Irish-American New Testament scholar (born 1934)

John Dominic Crossan (born 17 February 1934) is an Irish-American scholar of the New Testament, historian of early Christianity and former Catholic priest. He was a prominent member of the Jesus Seminar, and is an emeritus professor at DePaul University. His research has focused on the historical Jesus, the theology of noncanonical gospels, and the application of postmodern hermeneutical approaches to the Bible.

His work is controversial, portraying the Second Coming as a late corruption of Jesus' message and saying that Jesus' divinity is metaphorical.
In place of the eschatological message of the Gospels, Crossan emphasizes the historical context of Jesus and of his followers immediately after his death.
He describes Jesus' ministry as founded on free healing and communal meals, negating the social hierarchies of Jewish culture and the Roman Empire.

Crossan is a major scholar in historical Jesus research.
In particular, he and Burton Mack advocated for a non-eschatological view of Jesus, a view that contradicts the more common view that Jesus was an apocalyptic preacher.

==Life==
Crossan was born on 17 February 1934, in Nenagh, County Tipperary, Ireland. Though his father was a banker, Crossan was steeped in rural Irish life, which he experienced through frequent visits to the home of his paternal grandparents. Upon graduation from St Eunan's College, a boarding high school, in 1950, Crossan joined the Servites, a Catholic religious order, and moved to the United States. He was trained at Stonebridge Seminary, Lake Bluff, Illinois, then ordained a priest in 1957.

Crossan returned to Ireland, where he earned his Doctor of Divinity degree in 1959 at St Patrick's College, Maynooth, the Irish national seminary. He then completed two more years of study in biblical languages at the Pontifical Biblical Institute in Rome. In 1965, while studying at the Ecole Biblique in Jordanian East Jerusalem, he travelled through several countries in the region, escaping just days before the outbreak of the Six-Day War of 1967.
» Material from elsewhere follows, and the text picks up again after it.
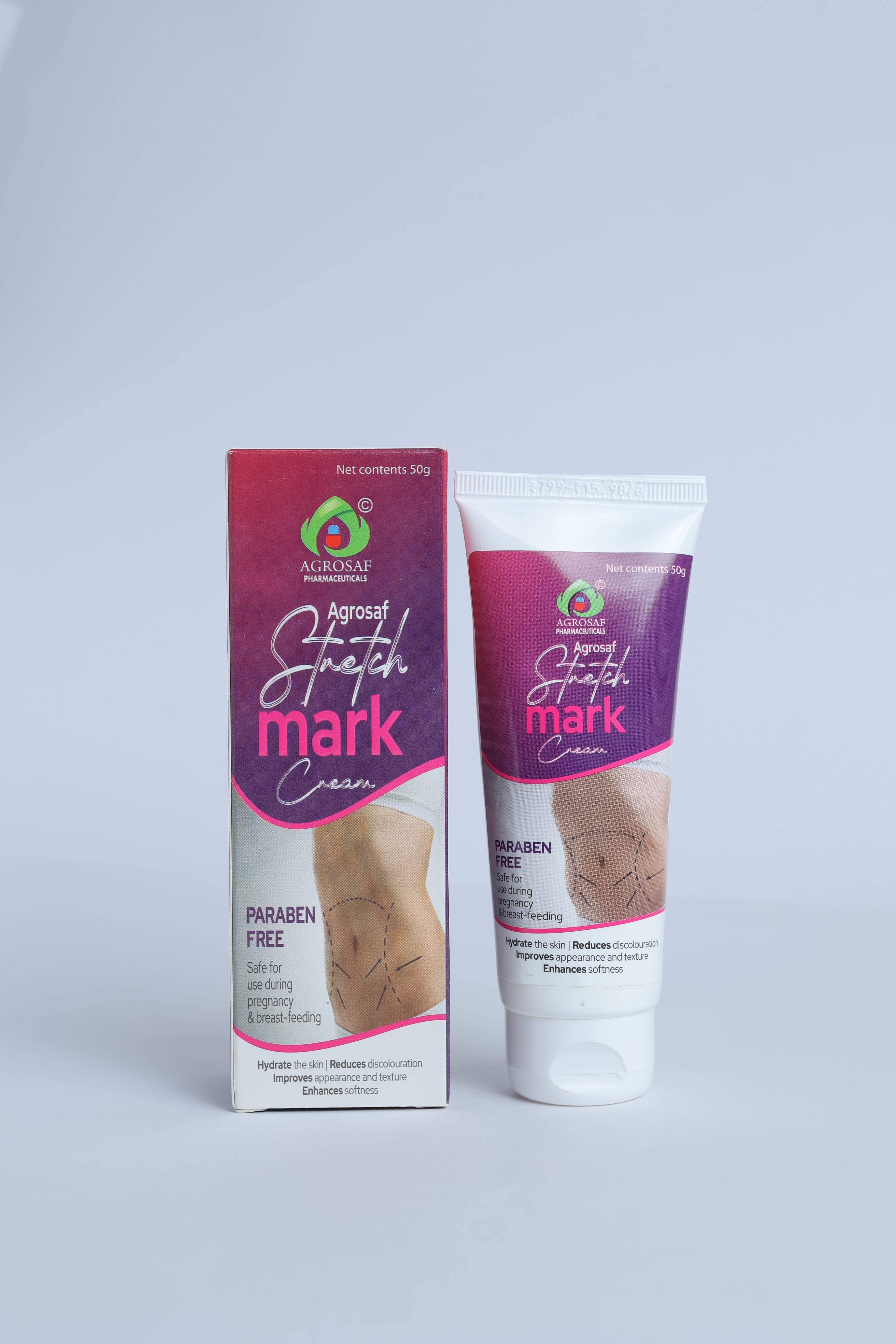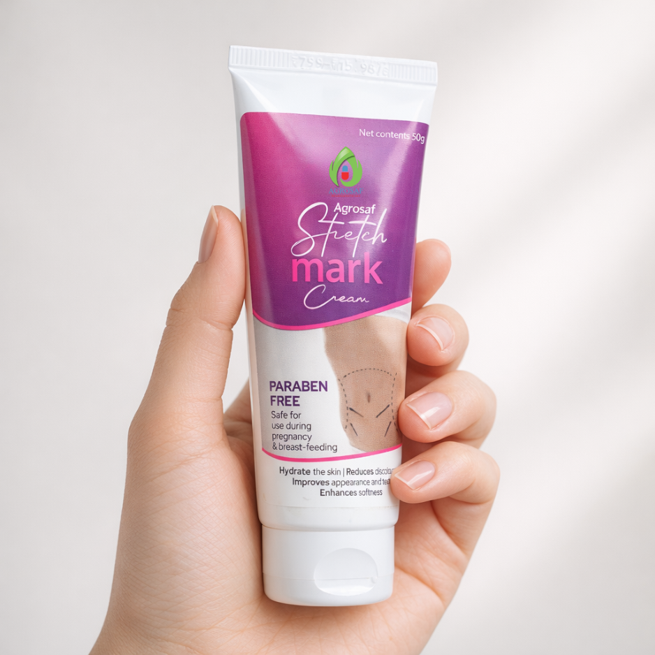 Agrosaf Stretch Mark Cream is a gentle, paraben-free skincare formula designed to support skin elasticity and improve the appearance of stretch marks. Ideal for daily use, it helps keep skin hydrated, soft, and smooth as part of a regular body care routine.

After a year at St. Mary of the Lake Seminary in Mundelein, Illinois, and a year at Catholic Theological Union in Chicago, Crossan chose to resign his priesthood. In the fall of 1969 he joined the faculty of DePaul University, where he taught undergraduates comparative religion for 26 years until retiring in 1995. With Robert W. Funk, Crossan served as cochair of the Jesus Seminar, a group of academics studying the historical Jesus, for its first decade. Crossan also served as president of the Chicago Society of Biblical Research in 1978–1979, and as president of the Society of Biblical Literature in 2012.

== Personal life ==
Crossan married Margaret Dagenais, a professor at Loyola University Chicago, in the summer of 1969. She died in 1983 due to a heart attack. In 1986, Crossan married Sarah Sexton, a social worker with two grown children. Since his retirement from academia, Crossan has continued to write and lecture.

==Views and methodology==
Crossan portrays Jesus as a healer and wise man who taught a message of inclusiveness, tolerance, and liberation. In his view, Jesus' strategy "was the combination of free healing and common eating ... that negated the hierarchical and patronal normalcies of Jewish religion and Roman power ... He was neither broker nor mediator but ... the announcer that neither should exist between humanity and divinity or humanity and itself."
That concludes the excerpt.